Can and Ezgi enjoyed the natural setting and were hoping to spot a Quetzal, but it was not to be. They did find success with the fishing though. They both caught a trout each (at this size - almost a kilo/2.2 lb - one fish feeds two people, but we always ask if they'd like to catch our dinner, too, and they were up for it).
And I couldn't resist taking a picture of Bobbie McGee... she is still a very active puppy. She's jumping up a little less, and we're still working on training her not to jump up at all. It's proving more difficult than expected because she just loves people so much, but she is calming down somewhat. Thank goodness she's so light and small. Her head barely reaches my knee height. Our guests are always super understanding and somehow Bobbie has a way of casting a spell on them... by the end of their stay, they all want to take her home! Can you blame them... just look at that face.

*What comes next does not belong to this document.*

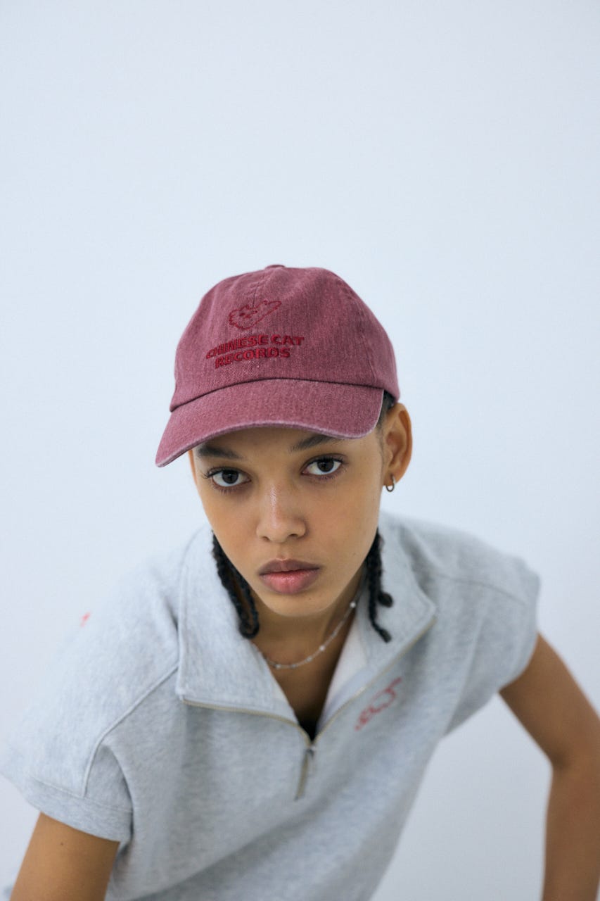 ■POINT:DJとしても活躍するMAYU KAKIHATAさんが手がける架空のレコードショップ「CHINESE CAT RECORDS」にまつわるアートワークを使用したコラボレーション企画のコットンロゴキャップ。

We have had a few days last week where it didn't rain at all... and a few days where the mornings have been beautiful and sunny, but most days, at some point in the day or night, it has rained. Yesterday, it felt cool and damp so we had a fire burning in the fireplace all day long. It was nice and cozy. It's strange to read about the heatwave that is hitting Southern Ontario the last few days while we're here bundling up. It rained so hard at one point that we discovered a small leak. So today, Kevin went up on the roof to investigate and did what he could to seal it. Then, while he was up there, he decided to vacuum the skylight. After the beetle season we had in March and April, there were a few the got caught between the clear plastic sheets. Now, when we look up from the living room, the skylight is nice and sparkly clean.
Since the plums are growing fast and furious, I went up to pick some more... and yes, I made another pie. This pie making is becoming a bit of a habit (not sure if it's a good one or a bad one).
I also planted some seedlings in the greenhouse to keep the cycle going.
We are hosting more guests next weekend. They are from San Jose, Costa Rica. And only speak Spanish. Wish us luck!!
We entered the first week of July with fun and food with all the birthday celebration... and lots of sunshine. This last week, it was time for hard work and yes... rain. It appears our "little summer" came early (in June) and now the real rainy season has shown up. And with rain comes dirty, silty river water. And, it's important to keep the ponds as clean as possible.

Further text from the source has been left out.